NEW WORLD by Michael Stroh
June 14, 2015  Longer stories   

Dying makes you stupid.

It has to, right? I mean, there’s no denying it.

That’s the only thought running through my head as I watch it fumble with the door handle with all the dexterity and grace of a mop. I should be screaming for my life, but I am just so shocked that I am still alive, at least for now, that I can’t help marveling at its incredible inefficiency. Its stiff, lumbering limbs. All it wants to do is eat me. And all that’s standing in its way is a single turn of the key I left dangling from the door of this hatchback in my desperate struggle to get inside alive.

Dying made this thing stupid, no doubt about that.

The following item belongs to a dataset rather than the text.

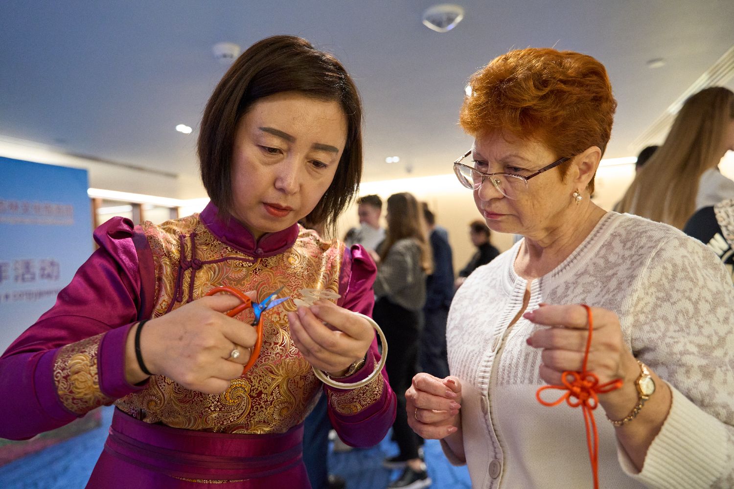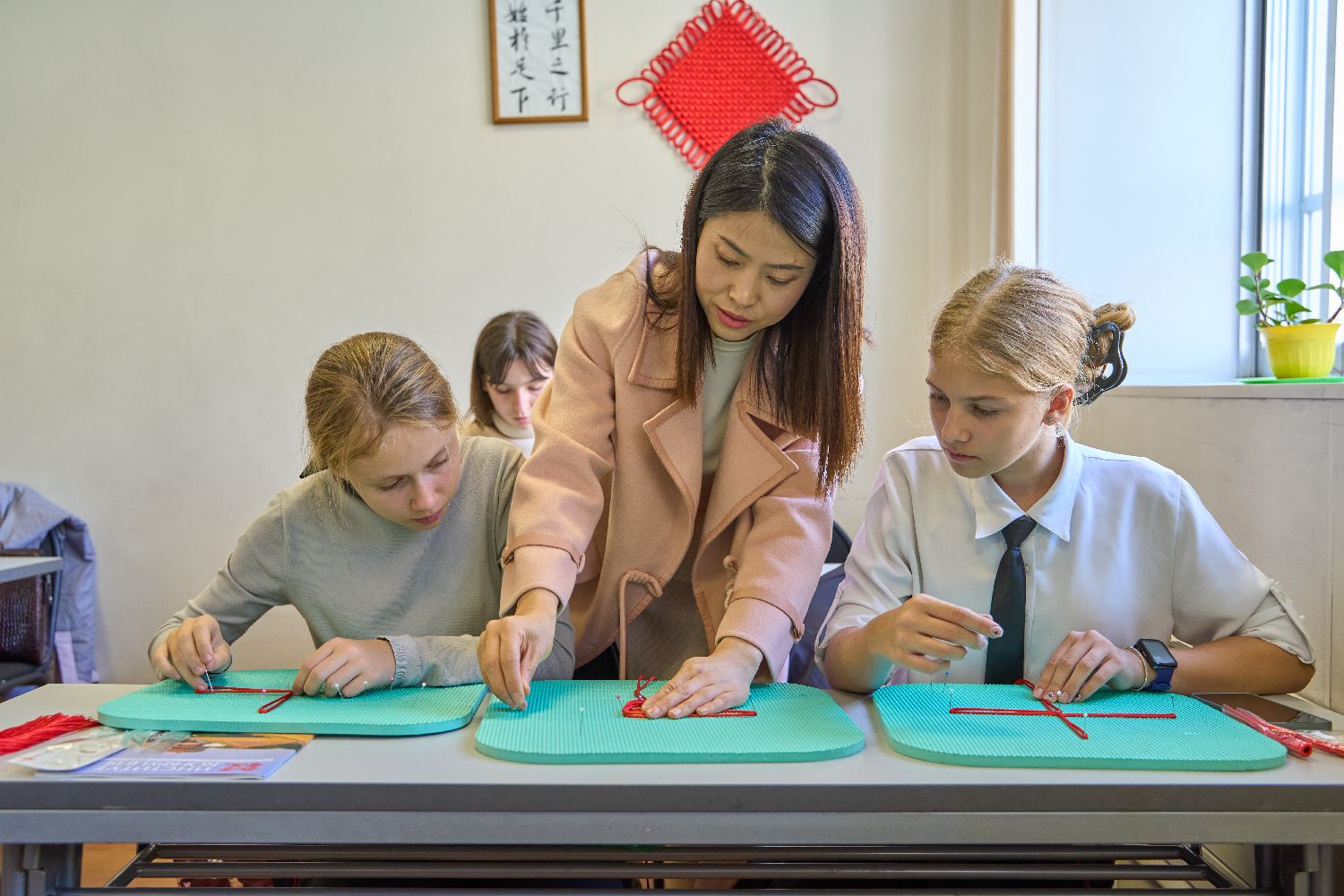 10月26日,在俄罗斯符拉迪沃斯托克的远东联邦大学孔子学院,来自吉林省的手工艺人徐晓雪(中)教学生制作中国结。

So what does that make me?

I look through the dirty glass at the key fob dangling there rhythmically like a hula skirt-wearing hood ornament. A blunder like that and maybe I deserve to die. Its hands accidentally bump the key ring every few seconds to keep the rhythm going. On the upswing, what’s left of its fingers smear the driver’s window with a brownish grease that makes me want to puke.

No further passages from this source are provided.